La décision illustre d’abord une application rigoureuse des conditions de l’action en contestation. Le tribunal constate la recevabilité de l’action concernant les deux enfants. Pour l’enfant né en 2006, il statue immédiatement au fond en annulant l’acte de reconnaissance. Le juge ordonne la transcription de cette annulation en marge de l’acte de naissance. Cette décision sur le premier chef révèle que la preuve contraire à la paternité était déjà constituée. Le tribunal a pu fonder sa conviction sur des éléments suffisants sans recourir à une mesure d’instruction. L’article 332 du code civil prévoit que la reconnaissance peut être contestée par toute personne qui y a intérêt. Le juge vérifie cette condition préalable avant d’examiner le bien-fondé de la contestation. La solution démontre une séparation nette entre l’examen de la recevabilité et l’appréciation du fond.
Pour le second enfant, la juridiction a adopté une démarche différente. Elle ordonne une expertise ADN et sursoit à statuer. Cette mesure d’instruction vise à établir la vérité biologique. Le tribunal applique ici le principe selon lequel la possession d’état peut être renversée par la preuve contraire. L’expertise est ordonnée avant tout jugement sur le fond. Cette bifurcation de la procédure entre les deux demandes est remarquable. Elle montre l’importance des éléments de preuve disponibles dans chaque dossier. Le juge use de son pouvoir d’appréciation pour ordonner les mesures utiles à la manifestation de la vérité. La décision mixte illustre ainsi l’adaptation de la procédure aux spécificités de chaque prétention.

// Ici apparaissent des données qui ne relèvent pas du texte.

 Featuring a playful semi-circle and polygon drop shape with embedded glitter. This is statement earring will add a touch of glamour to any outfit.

L’arrêt engage ensuite une réflexion sur les effets de l’annulation de la reconnaissance. L’annulation est prononcée avec effet rétroactif. Elle efface le lien de filiation établi par l’acte volontaire. Le tribunal ordonne la transcription en marge de l’acte de naissance. Cette formalité est essentielle pour garantir la sécurité juridique. Elle permet de rendre opposable à tous la nouvelle situation de l’enfant. La décision protège l’intérêt de l’enfant en clarifiant sa filiation. Elle met fin à une situation juridique contraire à la réalité biologique. L’annulation rétablit une vérité légale cohérente avec les faits. Cette solution s’inscrit dans la logique du droit contemporain de la filiation.

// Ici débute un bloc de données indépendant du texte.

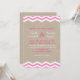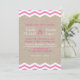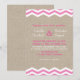 Chevrons rosa brilhante e branco em um fundo ilustrado de estopa acentuam este convite de casamento. Role para baixo para ver a coleção completa.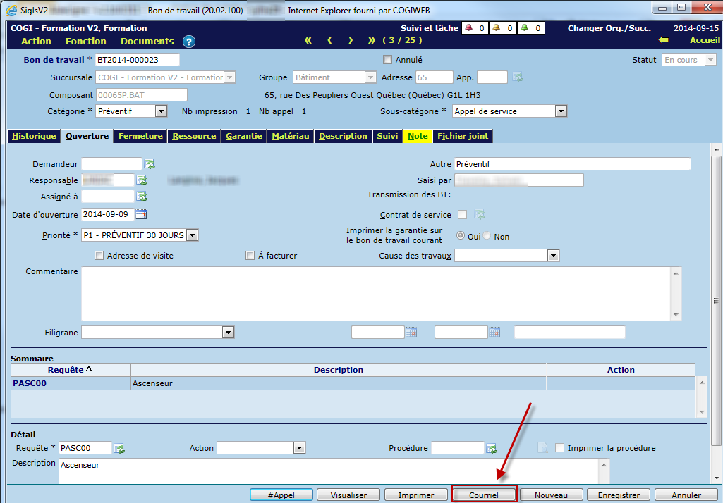 Le "Nb impression" du bon de travail augmente chaque fois que ce dernier est envoyé par courriel. De plus, le statut du bon de travail passe automatiquement à "En cours" dès que l'utilisateur clique sur le bouton "Courriel".

La portée de cette jurisprudence est cependant à nuancer. L’expertise ordonnée pour le second enfant montre les limites de la preuve. La vérité biologique n’est pas toujours établie a priori. Le recours à la science devient alors nécessaire. Cette attente du résultat de l’expertise suspend le règlement définitif du litige. La décision souligne l’importance du principe du contradictoire dans cette phase probatoire. Le juge a veillé à encadrer strictement la mission de l’expert. Il a fixé un délai de trois mois pour le dépôt du rapport. Cette gestion procédurale active est caractéristique de l’office du juge aux affaires familiales. Elle garantit une instruction complète et équitable avant le jugement définitif.